◆ Data block ◆
━━━━
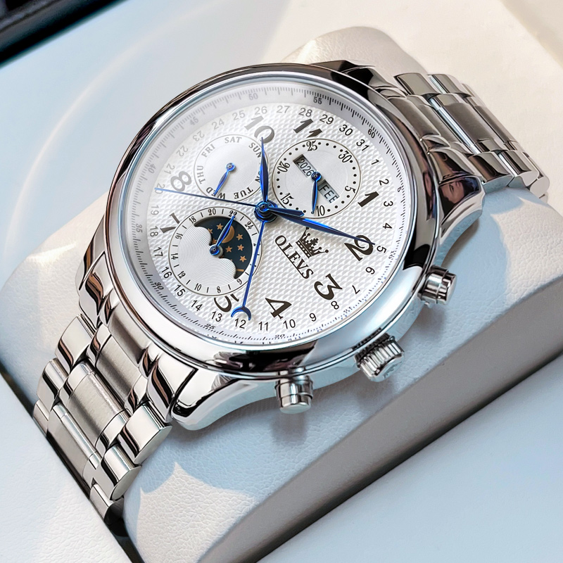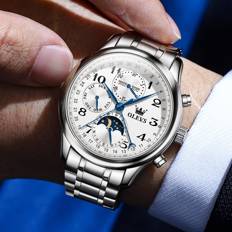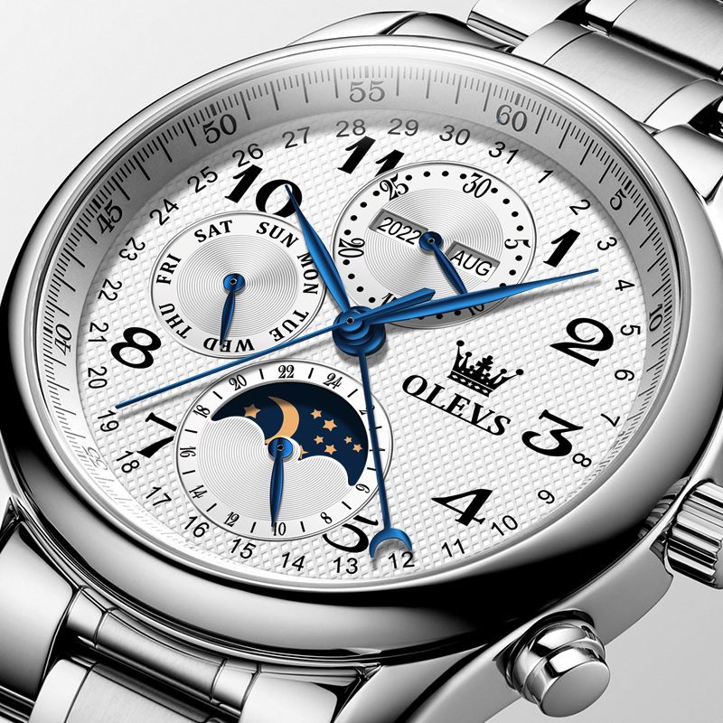 月相手表男士纯机械表多功能数字表盘老人表复古父亲节礼物送爸爸
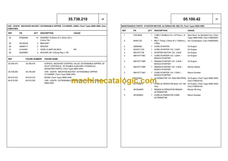 Case 580N Backhoe Loader Service Parts Catalogue (675716750PC)
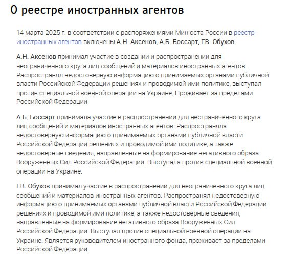 Минюст внес в реестр иноагентов писательницу Аллу Боссарт и политолога Германа Обухова
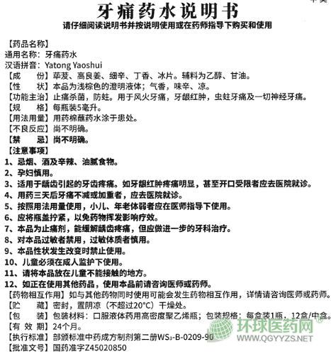 【功能主治】止痛殺菌,防蛀。用于風(fēng)火牙痛,牙齦紅腫,蟲蛀牙痛及一切神經(jīng)牙痛。
━━━━
◆ Exercise ◆
Pictures are to be left out; all other data must be returned exactly.

◆ Written answer ◆
 月相手表男士纯机械表多功能数字表盘老人表复古父亲节礼物送爸爸
 Case 580N Backhoe Loader Service Parts Catalogue (675716750PC)
 Минюст внес в реестр иноагентов писательницу Аллу Боссарт и политолога Германа Обухова
 【功能主治】止痛殺菌,防蛀。用于風(fēng)火牙痛,牙齦紅腫,蟲蛀牙痛及一切神經(jīng)牙痛。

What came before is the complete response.